Culture thrives on fuzziness. Words with multiple meanings are often employed for special effects. A story is considered good if it leaves room for speculation, say, in the movie The Life of Pi. But from the perspective of science, such ambiguity can be deadly. It calls for methods and products that are measurable in every aspect.

I have the weird notion that ancient Chinese wanted their remedies to be accurate, but given the circumstances they had to opt for a fuzzier approach. Anyone who has been to a TCM drugstore will understand this dilemma: A sales assistant uses a small Chinese scale to weigh each ingredient, but sometimes he would simply grab a pile and spread it evenly over each packet. The way to determine the quantity is reminiscent of a chef. The goal is to be exact, but approximation is tolerated when quantifying becomes too troublesome.
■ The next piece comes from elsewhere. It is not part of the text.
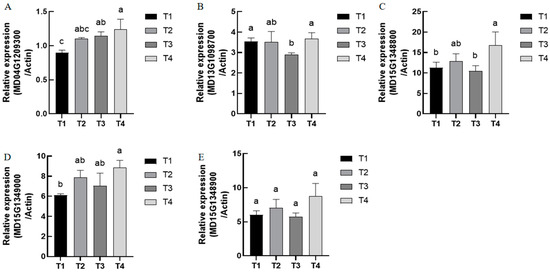 Expression patterns of MdGDSL genes under cold stress by RT-qPCR. (A–E) The expression level of MD04G1209300 (A), MD13G1098700 (B), MD15G1348800 (C), MD15G1349000 (D) and MD15G1348900 (E) genes under cold treatment. The expression levels were calculated using 2−ΔΔCt methods. Means ± SDs (n = 6). Different lowercase letters indicate significant differences among means (p < 0.01). qRT-PCR analysis were performed using the MdActin (MD07G1012400) as an internal control. (T1) flowers that were not subjected to low-temperature stress, (T2) flowers that experienced low-temperature stress treatment, (T3) flowers that experienced low-temperature stress treatment after water spraying, and (T4) flowers that were subjected to low-temperature stress treatment after spraying with 20 mmol/L calcium chloride.

Which implies that, had ancient Chinese possessed the tools, they would have resorted to trial-and-error not that different from modern science. We must remember that in antiquity there were a lot of things not yet available. People back then had to make do with what they had got. But for people who live with the benefit of modern science, there is no reason why we should not use it. And that was exactly what Tu and her peers did. They took a seed from ancient China and ran it through the vetting process of modern medicine.

Of course, thousands of other TCM seeds did not come out of the grinding mill with any fruit. But that is the nature of testing, and that is also where its value lies. Big pharmaceutical companies engage in prolonged and expensive tests before coming up with a drug that can be approved for the public.

TCM often relies on a hunch and is tested more sporadically. But sometimes an epiphany on a smart mind can open up a new vista, such as Tu coming up with low-temperature extraction for Artemisinin. For that, she has acknowledged the TCM influence and considered her win "an honor for China's science cause and traditional Chinese medicine in their course of reaching out to the world".

To develop modern medical science, we need inspiration from every possible source. And there is no reason we should categorically deny TCM as one of these sources. However, while we can embrace it as part of our heritage, we must subject individual therapy to the rigorous reviews demanded by today's consumers.